Sem exigir reforma política e cultivando o ódio seletivo, sob as rédeas da grande imprensa do País, da judicialização da política e da manipulação midiática da Operação Lava Jato, os que hoje defendem o fim do mandato de Dilma, com a justificativa rasa das pedaladas fiscais, compactuam o delírio coletivo de acreditar que terão contribuído civicamente para salvar o País da corrupção a partir de amanhã. Doce ilusão.
Depois de, há 26 anos, participar de um momento histórico, a reconquista do direito ao voto, lamento profundamente que este domingo seja simbolizado por espécie de auge do processo de “Indiretas Já!” conduzido por aqueles que, desde 2013, estão dopados pela incompreensão de nossa realidade histórica e imbuídos em uma sanha justiceira alimentada diariamente com o vergonhoso espetáculo midiático denunciado em grandes veículos da imprensa mundial, como o jornal The New York Times que, na capa da edição de sexta-feira (15), explicitou que Dilma será julgada por um “bando de ladrões” ao revelar para os leitores norte-americanos que “60 % dos 594 membros do Congresso brasileiro são processados por sérias acusações” (saiba mais).

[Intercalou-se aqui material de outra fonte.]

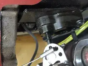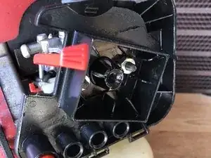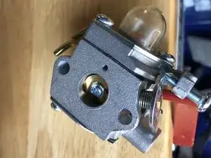 Вам придётся удерживать кнопку через корпус воздушного фильтра и вкрутить крепёж обратно в кнопку, держая весь узел относительно близко к триммеру.
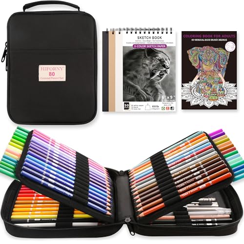 HIFORNY Set med 80 färgpennor för vuxna färgläggning – 72 färger färgpennor med extra, konstnärer mjuk kärna, ritpennor konst hantverk tillbehör för vuxna nybörjare, HF-CPT80-NY, Svart

Enquanto isso, a TV Câmara exibe, nesse momento, a imagem soturna de Eduardo Cunha a conduzir a votação do impeachment. Imagem que pode levar muitos a constatar que o gigante despertou, porém, atônito, vacilou por três anos e hoje cai, em praça pública, nocauteado com um golpe na nuca. Independentemente do resultado da votação na Câmara, não há dúvida, estamos vivendo um dos dias mais tristes de nossa jovem democracia, reconquistada com o sangue e a resiliência de milhares de brasileiros.
Veja o perfil de Eduardo Cunha, em reportagem exibida pela TV Brasil na última sexta-feira (15)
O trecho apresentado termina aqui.